GOP Strategists Are Arranging Media Interviews To Attack Bowe Bergdahl

GOP Strategists Are Arranging Media Interviews To Attack Bowe Bergdahl

The New York Times published a captivating story on Monday recounting the anger and disillusionment amid the men that served with U.S. Army Sgt. Bowe Bergdahl. But the report about the only known American prisoner of war in Afghanistan, who was released in a prisoner swap secured by the Obama administration this weekend, also revealed a larger story about the backlash against Bergdahl by disclosing that Republican strategists organized media interviews with members of his former platoon.

From the Times:

“Yes, I’m angry,” Joshua Cornelison, a former medic in Sergeant Bergdahl’s platoon, said in an interview on Monday arranged by Republican strategists. “Everything that we did in those days was to advance the search for Bergdahl. If we were doing some mission and there was a reliable report that Bergdahl was somewhere, our orders were that we were to quit that mission and follow that report.”

“He wouldn’t drink beer or eat barbecue and hang out with the other 20-year-olds,” Cody Full, another member of Sergeant Bergdahl’s platoon, said in an interview on Monday also arranged by Republican strategists. “He was always in his bunk. He ordered Rosetta Stone for all the languages there, learning Dari and Arabic and Pashto.”

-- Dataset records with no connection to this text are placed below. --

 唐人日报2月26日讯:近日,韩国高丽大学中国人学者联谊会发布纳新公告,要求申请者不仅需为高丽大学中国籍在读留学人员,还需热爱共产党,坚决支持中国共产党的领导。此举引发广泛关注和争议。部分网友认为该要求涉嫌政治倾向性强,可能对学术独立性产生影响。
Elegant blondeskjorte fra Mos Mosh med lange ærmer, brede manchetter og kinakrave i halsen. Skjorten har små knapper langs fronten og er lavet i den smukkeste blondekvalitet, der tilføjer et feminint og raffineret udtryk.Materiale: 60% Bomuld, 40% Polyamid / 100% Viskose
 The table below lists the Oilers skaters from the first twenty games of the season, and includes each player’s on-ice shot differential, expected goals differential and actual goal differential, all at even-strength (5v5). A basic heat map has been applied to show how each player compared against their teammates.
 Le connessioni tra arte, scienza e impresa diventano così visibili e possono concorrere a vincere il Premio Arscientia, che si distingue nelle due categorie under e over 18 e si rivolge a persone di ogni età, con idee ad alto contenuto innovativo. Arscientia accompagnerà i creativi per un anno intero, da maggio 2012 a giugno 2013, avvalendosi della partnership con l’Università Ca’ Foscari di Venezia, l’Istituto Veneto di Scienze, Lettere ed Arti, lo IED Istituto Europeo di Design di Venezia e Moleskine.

On Tuesday, BuzzFeed identified Richard Grenell, who once served as an aide to U.S. ambassador to the United Nations John Bolton and later worked for Mitt Romney’s 2012 presidential campaign, as playing a key role in publicizing Bergdahl's critics.

"My role was to ask the firm to help facilitate the interviews for free. Brad Chase agreed to do it. He is handling all the requests. He isn't political. I originally spoke to Cody, the leader, via Twitter then asked the firm," Grenell told The Huffington Post's Sam Stein.

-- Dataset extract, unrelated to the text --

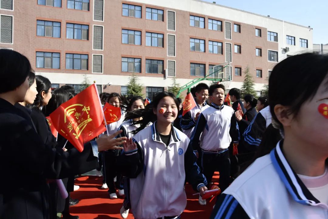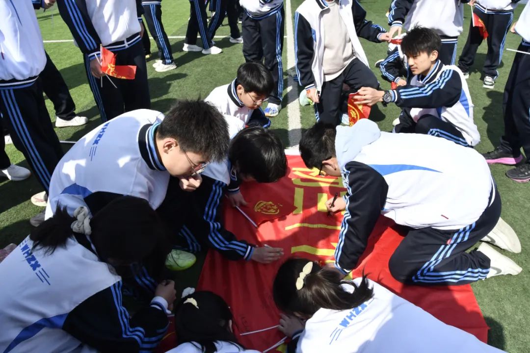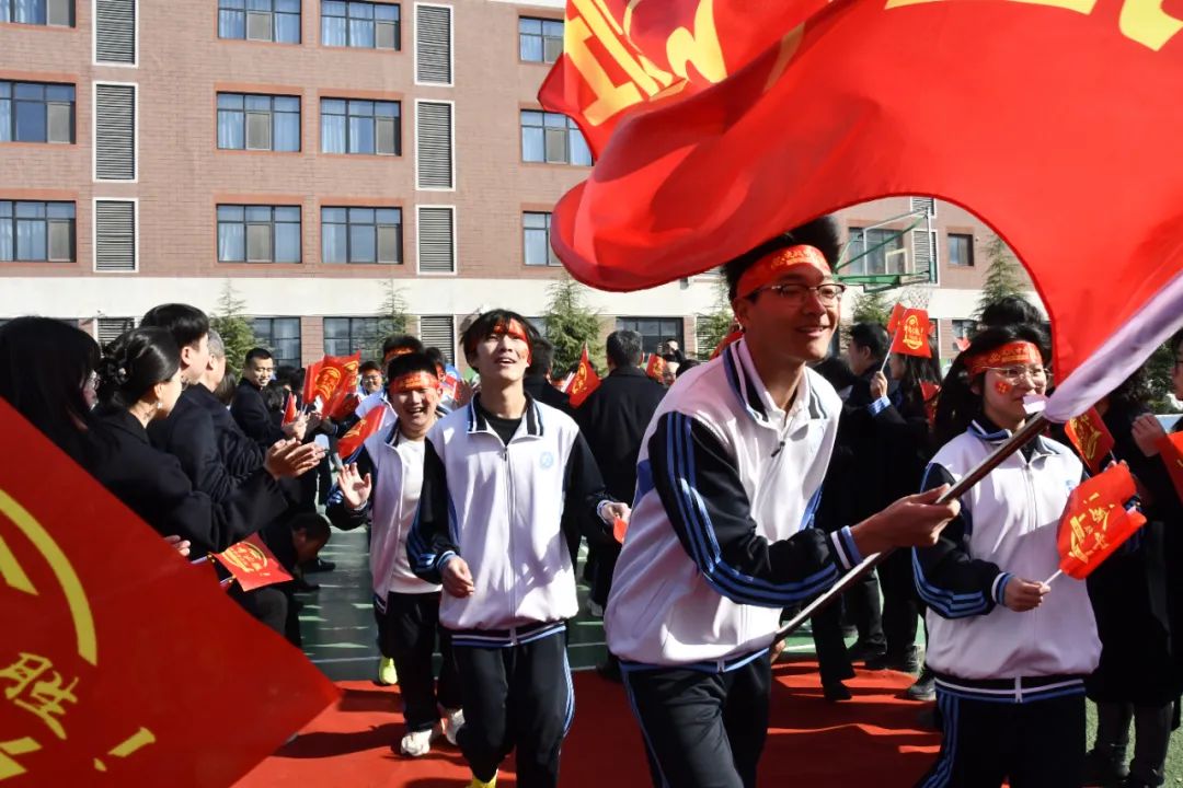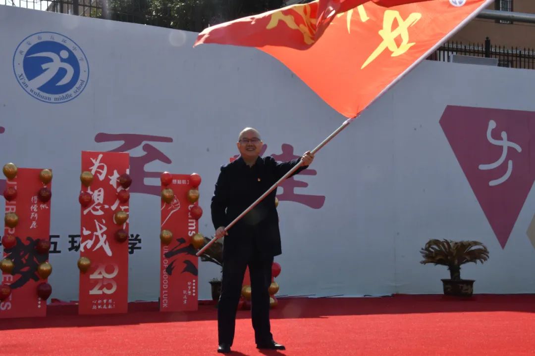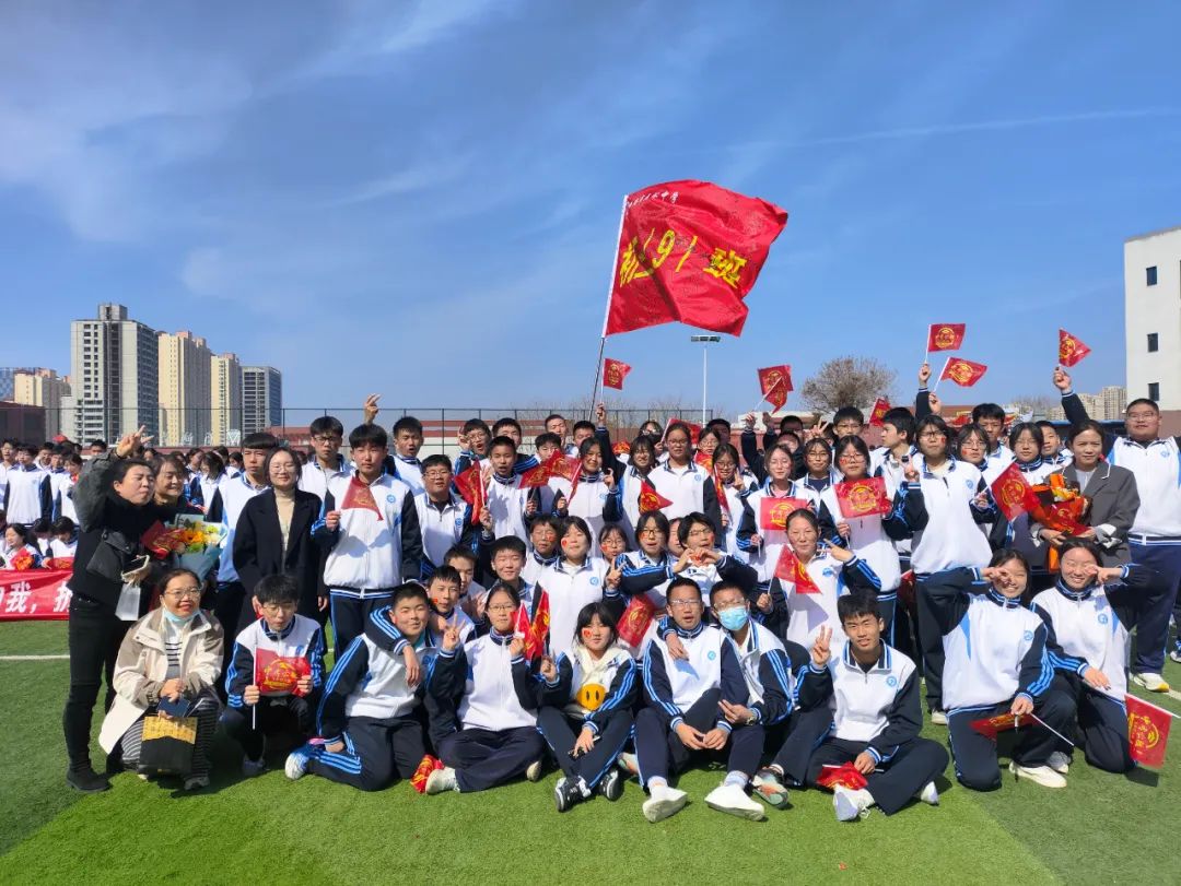 副校长魏涛为九年级各班授旗。十八面旗帜承载着学校对同学们的希望,凝聚着对大家未来的坚定信念。同学们高举这面旗帜,在未来的100天里,大家以必胜的信念迎接挑战跨越难关,向着胜利的彼岸奋勇冲刺。

Certainly Bergdahl's release on Saturday raises legitimate questions about the circumstances surrounding his capture, the legality of the exchange and whether it merited the release of five Guantanamo Bay detainees. But the fact that Republican operatives are shopping around interviews behind the scenes meant to stir opposition to the Obama administration threatens to turn the debate over a prisoner of war into another partisan slugfest ahead of the November midterm elections.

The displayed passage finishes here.